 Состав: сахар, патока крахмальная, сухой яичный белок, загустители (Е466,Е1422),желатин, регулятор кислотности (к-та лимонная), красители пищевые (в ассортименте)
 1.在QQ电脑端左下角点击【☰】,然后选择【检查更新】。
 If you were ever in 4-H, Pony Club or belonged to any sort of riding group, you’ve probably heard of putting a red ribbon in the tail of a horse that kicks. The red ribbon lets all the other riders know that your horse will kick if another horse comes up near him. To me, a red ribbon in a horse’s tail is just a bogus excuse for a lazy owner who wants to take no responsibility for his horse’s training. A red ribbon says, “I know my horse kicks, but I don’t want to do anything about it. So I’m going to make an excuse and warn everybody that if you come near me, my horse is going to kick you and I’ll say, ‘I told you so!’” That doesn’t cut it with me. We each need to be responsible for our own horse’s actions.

* * *

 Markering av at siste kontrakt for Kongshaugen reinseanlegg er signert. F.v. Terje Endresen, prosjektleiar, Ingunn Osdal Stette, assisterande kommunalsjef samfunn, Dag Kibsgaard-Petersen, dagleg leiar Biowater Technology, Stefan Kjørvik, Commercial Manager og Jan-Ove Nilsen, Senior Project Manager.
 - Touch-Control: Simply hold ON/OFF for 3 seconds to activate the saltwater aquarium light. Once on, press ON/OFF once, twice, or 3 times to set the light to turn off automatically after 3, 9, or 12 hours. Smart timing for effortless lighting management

*Directions:* Among the entries above, copy exactly only the lines starting with the one containing "Состав: сахар, патока" and going through the one containing "1.在QQ电脑端左下角点击【☰】,然后选择【检查更新】。", both ends included.

*Exercise response:*
 Состав: сахар, патока крахмальная, сухой яичный белок, загустители (Е466,Е1422),желатин, регулятор кислотности (к-та лимонная), красители пищевые (в ассортименте)
 1.在QQ电脑端左下角点击【☰】,然后选择【检查更新】。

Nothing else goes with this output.